Consider the Fourier transform $F(\omega)$ of the function $f(t)$. The magnitude of $F(\omega)$ depends on $\omega$ and thus also depends on the scale of the $t$-axis. For example, when $f_1(t)$ is a box function which is 1 between $[0,1]$ s and $f_2(t)$ is a box function which is 1 between $[0,1]$ ns = $[0,10^{-9}]$ s, then the amplitude of $F_1(\omega)$ is $10^9$ times larger than the amplitude of $F_2(\omega)$. This is because the time scale is reduced by a factor $10^9$ in the second case.
However, no difference would be obtained when you do a numerical Fourier transform. If you have 100 points of the function $f_1(t)$ equally spaced between $[0,10]$ and also 100 points of the function $f_2(t)$ equally spaced between $[0,10\times10^{-9}]$, then numerically the amplitude of the Fourier transform of both functions is the same (which is not correct). Numerically, you only consider the Fourier transform of the "y-values" $f(t_i)$, so the information about the time scale is lost...

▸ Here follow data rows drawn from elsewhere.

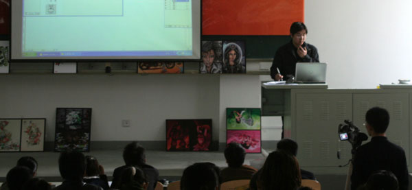 王东在讲座中首先提出了数字时代需要怎样的人才这一问题,针对当前社会对于数字艺术人才的需求,介绍了Adobe认证体系。惠岩通过几个实例,详细讲解了Adobe数字艺术创意设计系列软件的应用。张予通过实际操作,给大家展示了Iullstrator的功能、操作及结合手写板的使用方法。此次讲座持续了近两个小时,讲座过程中还穿插了有奖问答活动,使同学们在欢快的气氛中对Adobe数字艺术及Adobe认证有了更加深入的了解。
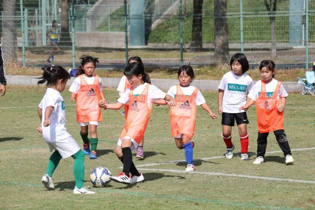 このサッカー教室の特徴の一つは、女の子の参加人数枠を多く設けていること。実際にこの日も、93人の参加者のうち、85人が女の子。子どもたちは、様々なトレーニングやミニゲームで、約90分間、思う存分サッカーを楽しんでいた様子。この中から、未来のなでしこを担う選手が誕生するかも!?
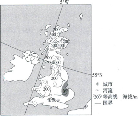 下图中阴影示意的M地区曾经是湿地(沼泽),年降水量是年蒸发量的1.2~1.5倍,远低于英国西部和北部。在罗马时代,人们对M地区湿地进行了排水尝试,湿地仅得到零星开垦。17世纪,该地引入荷兰风车与水利工程技术,湿地得到成片开垦。经过几百年的开发,M地区已经成为英国重要的农产品生产基地,但也存在诸多问题。

You can solve this problem by multiplying the result with $10^{-9}$ in the second case because the Fourier transform of the rectangular function is proportional with $1/\omega$. However, in general, this proportionality is not present... How to solve this problem for a general function $F(\omega)$? For example, when the Fourier transform is proportional to $e^\omega$ or proportional to $1/\omega^2$ or ...? Is there a numerical approach to take the scale of the time axis into account?